The network clients are 166-200 MHZ Pentium Pro machines running Microsoft® NT Workstation 4.0 with Service Pack 4. The NT Performance Monitor is used to ensure that client machines do not become the bottleneck. A network sniffer was used to sample network utilization and to ensure that the network does not become a bottleneck for these tests. To balance the workload across the client machines, the benchmark is configured so that the faster clients submit 1.5 times as many requests as the slower clients.
The server machine is a Netfinity 7000 M10 450 MHZ Pentium II 4 CPUs with 4 IBM EtherJet 10/100 ethernet cards and 4 GB of RAM. Since 2.2.14 does not support more than 2GB of RAM, all the experiments for 2.2.14 and most of the experiments for 2.3.99-pre8 were performed with 2GB of real memory; one data point for the 2.3.99-pre8 SMP case was run with 4GB of RAM.
Khttpd was not enabled for any of the runs reported here.
Trials are repeated until the tests have "converged". This is stated as follows: "The test converged to an x% confidence interval width at y% confidence." What this means is that the results of a confidence interval estimated based on a Students-T distribution has a width of less than x% of the mean with a y% level of confidence.
After each trial (except for Volanomark), the length of the confidence interval is calculated, and if the length is small enough, the test completes and the average over the trials is reported as the result. In some cases, the trial does not converge after the maximum allowed number of iterations. In these cases, the test is re-run to obtain convergence. For Volanomark, a fixed number of trials is done, and convergence is tested after all trials are completed.

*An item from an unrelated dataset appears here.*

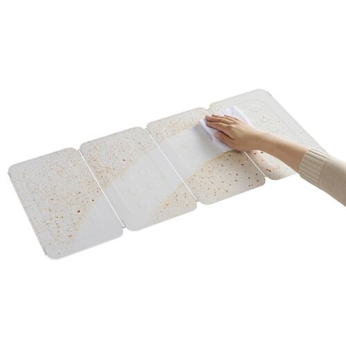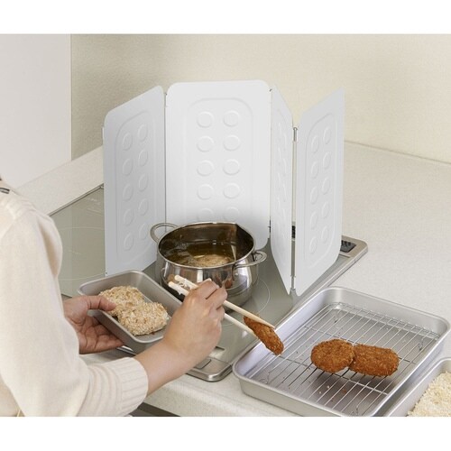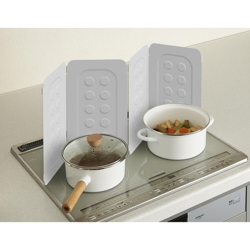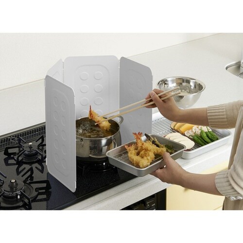 水拭きだけで油汚れが落ちるから、繰り返し使えて経済的なレンジガードです。 4枚パネルなので、作業に合わせて使いやすく形を変えられます。 使わない時は、折りたためば隙間に収納できます。 |

SPECweb99 comes with its own set of run rules and run acceptance criteria [SPWBFAQ]. The results of SPECweb99 reported here are run under the preprogrammed run rules of the test.
Measurements reported here as UP are for a uniprocessor kernel. Measurements reported as 1P are for multiprocessor kernels booted on a single processor. Comparisons between the 1P and UP measurements are particularly useful for evaluating the overhead of SMP synchronization and locking.

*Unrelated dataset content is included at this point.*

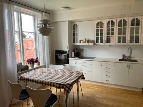 Exklusiv, modern lägenhet belägen bara 70 meter från Almedalen. det perfekta läget för dig som vill ha nära till händelsernas hjärta. Från denna vackert designade bostad, har du utsikt över havet och Visbys takåsar.

For all of the benchmarks discussed here, we define scalability as the ratio of the benchmark statistic for an SMP system to the corresponding benchmark statistic for a UP system. While this results in lower scalability numbers than one might get by dividing the SMP result by the 1P result (since the UP ratio penalizes the SMP system for locking overhead) we regard this as the fairest way to define scalability.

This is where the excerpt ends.